▸ **What you are asked to do**: Reproduce exactly the lines below from the one containing "推論は遅め • ゲーミングPCなど、GPUで動かす場合" through the one containing "Полка ГайваМебель Настенная", including both, and nothing else.

▸ **Data under study**:

= = = = = = =

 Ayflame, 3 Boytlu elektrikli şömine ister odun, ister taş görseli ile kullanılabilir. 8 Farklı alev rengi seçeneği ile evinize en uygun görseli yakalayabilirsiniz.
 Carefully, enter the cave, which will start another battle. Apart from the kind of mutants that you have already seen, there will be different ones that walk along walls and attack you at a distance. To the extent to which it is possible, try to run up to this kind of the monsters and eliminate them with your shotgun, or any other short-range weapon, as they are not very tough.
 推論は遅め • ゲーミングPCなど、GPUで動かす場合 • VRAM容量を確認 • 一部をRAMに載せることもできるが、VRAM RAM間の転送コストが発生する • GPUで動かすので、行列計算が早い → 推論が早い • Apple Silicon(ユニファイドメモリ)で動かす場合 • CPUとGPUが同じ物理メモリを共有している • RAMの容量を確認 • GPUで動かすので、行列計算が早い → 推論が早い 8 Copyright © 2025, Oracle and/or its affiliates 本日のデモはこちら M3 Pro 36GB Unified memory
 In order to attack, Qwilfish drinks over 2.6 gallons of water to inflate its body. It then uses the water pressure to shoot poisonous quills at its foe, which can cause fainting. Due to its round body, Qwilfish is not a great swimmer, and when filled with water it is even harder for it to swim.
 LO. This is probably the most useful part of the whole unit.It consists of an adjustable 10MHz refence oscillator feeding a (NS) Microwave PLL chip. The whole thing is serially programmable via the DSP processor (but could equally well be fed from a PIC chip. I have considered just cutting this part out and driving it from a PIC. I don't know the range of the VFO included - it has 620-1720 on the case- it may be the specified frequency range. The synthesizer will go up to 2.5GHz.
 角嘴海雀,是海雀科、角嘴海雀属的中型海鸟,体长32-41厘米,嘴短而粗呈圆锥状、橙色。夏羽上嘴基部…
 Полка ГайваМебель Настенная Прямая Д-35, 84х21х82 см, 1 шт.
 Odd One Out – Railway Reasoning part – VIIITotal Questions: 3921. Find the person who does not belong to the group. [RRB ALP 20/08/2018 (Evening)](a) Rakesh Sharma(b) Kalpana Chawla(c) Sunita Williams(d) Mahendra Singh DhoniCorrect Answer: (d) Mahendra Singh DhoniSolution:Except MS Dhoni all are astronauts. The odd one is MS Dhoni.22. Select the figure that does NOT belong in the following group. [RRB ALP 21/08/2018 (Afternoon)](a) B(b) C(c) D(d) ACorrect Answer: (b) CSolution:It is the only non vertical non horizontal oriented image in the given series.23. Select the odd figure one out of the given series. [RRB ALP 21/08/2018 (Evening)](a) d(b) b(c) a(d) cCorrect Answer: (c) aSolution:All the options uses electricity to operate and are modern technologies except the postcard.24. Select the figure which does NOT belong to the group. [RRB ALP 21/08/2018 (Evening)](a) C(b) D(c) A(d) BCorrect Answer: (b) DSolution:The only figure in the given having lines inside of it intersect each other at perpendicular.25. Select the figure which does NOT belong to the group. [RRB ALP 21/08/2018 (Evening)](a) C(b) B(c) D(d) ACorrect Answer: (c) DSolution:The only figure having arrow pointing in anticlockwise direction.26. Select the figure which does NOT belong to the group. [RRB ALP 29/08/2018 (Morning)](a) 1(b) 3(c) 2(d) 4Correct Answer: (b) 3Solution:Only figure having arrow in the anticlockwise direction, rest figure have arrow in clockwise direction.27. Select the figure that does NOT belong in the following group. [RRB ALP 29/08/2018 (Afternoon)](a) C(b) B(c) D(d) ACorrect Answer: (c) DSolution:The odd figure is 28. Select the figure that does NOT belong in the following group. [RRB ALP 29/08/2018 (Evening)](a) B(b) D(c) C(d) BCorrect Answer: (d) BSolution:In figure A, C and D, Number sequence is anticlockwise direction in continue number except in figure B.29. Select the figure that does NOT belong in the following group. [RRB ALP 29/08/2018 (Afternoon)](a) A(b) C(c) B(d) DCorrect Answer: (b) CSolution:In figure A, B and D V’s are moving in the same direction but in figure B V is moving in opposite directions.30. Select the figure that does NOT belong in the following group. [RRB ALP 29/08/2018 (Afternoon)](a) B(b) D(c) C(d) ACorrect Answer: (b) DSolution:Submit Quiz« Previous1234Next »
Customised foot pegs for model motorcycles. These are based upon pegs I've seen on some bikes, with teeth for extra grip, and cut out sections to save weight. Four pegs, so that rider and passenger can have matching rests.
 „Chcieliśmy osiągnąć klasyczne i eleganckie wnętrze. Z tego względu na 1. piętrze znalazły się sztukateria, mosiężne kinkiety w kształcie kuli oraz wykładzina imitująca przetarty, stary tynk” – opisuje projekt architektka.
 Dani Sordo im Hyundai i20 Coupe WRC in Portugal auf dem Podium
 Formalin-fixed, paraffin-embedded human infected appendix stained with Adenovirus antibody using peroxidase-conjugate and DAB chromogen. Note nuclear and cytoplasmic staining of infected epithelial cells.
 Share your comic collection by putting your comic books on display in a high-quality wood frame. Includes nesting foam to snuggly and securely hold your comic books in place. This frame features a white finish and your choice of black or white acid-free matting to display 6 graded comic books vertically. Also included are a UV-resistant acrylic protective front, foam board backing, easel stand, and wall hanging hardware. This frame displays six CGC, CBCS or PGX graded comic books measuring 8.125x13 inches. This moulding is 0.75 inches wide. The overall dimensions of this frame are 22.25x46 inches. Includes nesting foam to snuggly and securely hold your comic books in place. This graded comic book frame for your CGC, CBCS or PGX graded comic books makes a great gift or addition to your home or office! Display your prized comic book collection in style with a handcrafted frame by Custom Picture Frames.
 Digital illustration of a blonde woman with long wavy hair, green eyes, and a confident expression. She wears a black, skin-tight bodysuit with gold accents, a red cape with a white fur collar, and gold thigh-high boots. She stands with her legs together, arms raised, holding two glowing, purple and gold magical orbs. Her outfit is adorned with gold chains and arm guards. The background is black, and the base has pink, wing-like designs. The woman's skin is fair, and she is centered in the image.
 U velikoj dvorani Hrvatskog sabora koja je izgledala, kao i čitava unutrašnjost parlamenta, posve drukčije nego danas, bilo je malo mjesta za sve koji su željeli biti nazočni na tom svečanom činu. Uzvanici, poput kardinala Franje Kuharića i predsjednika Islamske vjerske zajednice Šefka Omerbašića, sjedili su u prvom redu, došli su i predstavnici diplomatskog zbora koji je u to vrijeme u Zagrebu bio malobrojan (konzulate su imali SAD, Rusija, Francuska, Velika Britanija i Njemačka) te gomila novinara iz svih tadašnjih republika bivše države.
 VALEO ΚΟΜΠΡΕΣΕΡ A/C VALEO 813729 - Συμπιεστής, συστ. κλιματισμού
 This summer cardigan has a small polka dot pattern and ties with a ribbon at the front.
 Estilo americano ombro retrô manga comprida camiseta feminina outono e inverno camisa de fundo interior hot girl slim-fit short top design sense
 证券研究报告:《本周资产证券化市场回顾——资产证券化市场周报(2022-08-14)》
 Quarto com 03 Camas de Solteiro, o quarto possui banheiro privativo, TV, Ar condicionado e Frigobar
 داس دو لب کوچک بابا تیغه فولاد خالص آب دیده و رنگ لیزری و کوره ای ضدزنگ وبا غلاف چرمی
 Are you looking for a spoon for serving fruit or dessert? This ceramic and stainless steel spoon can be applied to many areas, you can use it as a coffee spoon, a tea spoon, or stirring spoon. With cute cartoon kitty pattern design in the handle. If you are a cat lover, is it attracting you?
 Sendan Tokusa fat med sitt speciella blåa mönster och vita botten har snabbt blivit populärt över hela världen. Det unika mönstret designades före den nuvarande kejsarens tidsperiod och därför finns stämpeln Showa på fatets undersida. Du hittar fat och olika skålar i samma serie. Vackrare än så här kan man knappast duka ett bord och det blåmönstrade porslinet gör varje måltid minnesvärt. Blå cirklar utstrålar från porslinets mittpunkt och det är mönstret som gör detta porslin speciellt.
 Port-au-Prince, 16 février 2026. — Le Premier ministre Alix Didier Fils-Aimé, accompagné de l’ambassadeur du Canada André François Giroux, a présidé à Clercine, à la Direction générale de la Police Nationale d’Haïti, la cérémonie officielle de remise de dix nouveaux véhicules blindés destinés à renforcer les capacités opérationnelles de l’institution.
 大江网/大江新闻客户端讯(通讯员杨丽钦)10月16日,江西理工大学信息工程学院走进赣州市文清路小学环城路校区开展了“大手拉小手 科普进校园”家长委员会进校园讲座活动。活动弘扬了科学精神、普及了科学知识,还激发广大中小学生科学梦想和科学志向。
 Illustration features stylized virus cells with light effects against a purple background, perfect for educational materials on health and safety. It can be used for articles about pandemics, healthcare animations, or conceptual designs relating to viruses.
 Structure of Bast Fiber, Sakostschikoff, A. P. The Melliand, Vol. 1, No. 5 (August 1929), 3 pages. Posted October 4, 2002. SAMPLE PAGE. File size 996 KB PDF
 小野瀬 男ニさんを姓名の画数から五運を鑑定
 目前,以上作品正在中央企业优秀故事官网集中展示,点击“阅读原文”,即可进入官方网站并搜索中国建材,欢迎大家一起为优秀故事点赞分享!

= = = = = = =

▸ **Result of the exercise**:
 推論は遅め • ゲーミングPCなど、GPUで動かす場合 • VRAM容量を確認 • 一部をRAMに載せることもできるが、VRAM RAM間の転送コストが発生する • GPUで動かすので、行列計算が早い → 推論が早い • Apple Silicon(ユニファイドメモリ)で動かす場合 • CPUとGPUが同じ物理メモリを共有している • RAMの容量を確認 • GPUで動かすので、行列計算が早い → 推論が早い 8 Copyright © 2025, Oracle and/or its affiliates 本日のデモはこちら M3 Pro 36GB Unified memory
 In order to attack, Qwilfish drinks over 2.6 gallons of water to inflate its body. It then uses the water pressure to shoot poisonous quills at its foe, which can cause fainting. Due to its round body, Qwilfish is not a great swimmer, and when filled with water it is even harder for it to swim.
 LO. This is probably the most useful part of the whole unit.It consists of an adjustable 10MHz refence oscillator feeding a (NS) Microwave PLL chip. The whole thing is serially programmable via the DSP processor (but could equally well be fed from a PIC chip. I have considered just cutting this part out and driving it from a PIC. I don't know the range of the VFO included - it has 620-1720 on the case- it may be the specified frequency range. The synthesizer will go up to 2.5GHz.
 角嘴海雀,是海雀科、角嘴海雀属的中型海鸟,体长32-41厘米,嘴短而粗呈圆锥状、橙色。夏羽上嘴基部…
 Полка ГайваМебель Настенная Прямая Д-35, 84х21х82 см, 1 шт.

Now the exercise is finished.